The Wards contend that the property was sufficiently described, that the court erred in refusing to allow additional time for the arrival of a witness, and that the court erred in quieting title in the Shipps. The Shipps contend 1 that the court erred in finding that the Wards had established ownership of the property based on a boundary line agreement (the doctrine of acquiescence.)

We will first address the issue raised by the Shipps whether or not the court erred in finding that the Wards had established ownership of the property based on the doctrine of acquiescence. We discussed the doctrine of acquiescence at length in Production Credit Association of Mandan v. Terra Vallee, Inc., 303 N.W.2d 79 (N.D.1981). We noted that the doctrine of acquiescence evolved from the doctrine of adverse possession:

" 'The doctrine of acquiescence is a supplement to the older and harsher rule of adverse possession which held that adverse intent was the first prerequisite of adverse possession. This meant that in order for the adverse possessor to start the 20-year period running, he must commence his possession with knowledge that the land he was encroaching upon was not his and with an intent to dispossess the true owner.
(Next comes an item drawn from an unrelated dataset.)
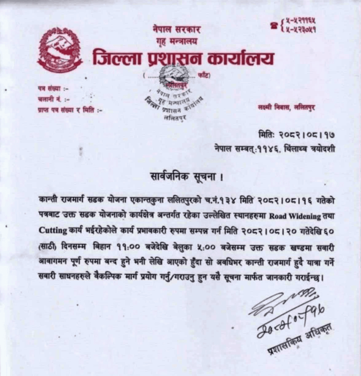 प्रशासनले जारी गरेको सूचना अनुसार, २०८२ मङ्सिर २० गतेदेखि लागू हुने गरी ६० दिनसम्म बिहान ११ बजेदेखि बेलुका ५ बजेसम्म उक्त सडक खण्डमा सवारी आवागमन पूर्ण रूपमा बन्द हुनेछ। कान्ति राजमार्ग सडक योजना, एकान्तकुनाको पत्रानुसार उक्त सडक खण्डका विभिन्न स्थानहरूमा सडक फराकिलो बनाउने र कटिङको काम भइरहेको छ।

This meant that one who occupied part of his neighbor's land, due to an honest mistake as to the location of his boundary, could never start the statute running because he never formed the requisite adverse intent.

" 'The harsh result of this rule soon became apparent in many jurisdictions and courts began to hold that land could be acquired by adverse possession, even though adverse intent was absent, if the true owner acquiesced in such possession for a period of 20 years.' "

Id. at 83-84 [quoting from Buza v. Wojtalewicz, 48 Wis.2d 557, 180 N.W.2d 556, 559 (1970) ].

The Shipps contend that the old fence was merely intended to be a barrier between the properties, not a boundary, and that the doctrine of acquiescence therefore has no application. The Shipps point to the following language in Terra Vallee, supra, to support their claim:

"An owner of property does not acquiesce in a fence as a boundary merely because he builds the fence upon his own property and not upon the property line. The intent must have been to establish the fence as the boundary, not a mere barrier between the properties."

Production Credit Association of Mandan v. Terra Vallee, supra, 303 N.W.2d at 85 (citations omitted).

The trial court in the instant case found as fact that the fence, when erected in 1941, was intended by the Wards and the Shipps' predecessor owner 2 to be the boundary between the properties, not merely a barrier. There is sufficient evidence in the record to support this finding and accordingly it is not clearly erroneous. Rule 52(a), N.D.R.Civ.P.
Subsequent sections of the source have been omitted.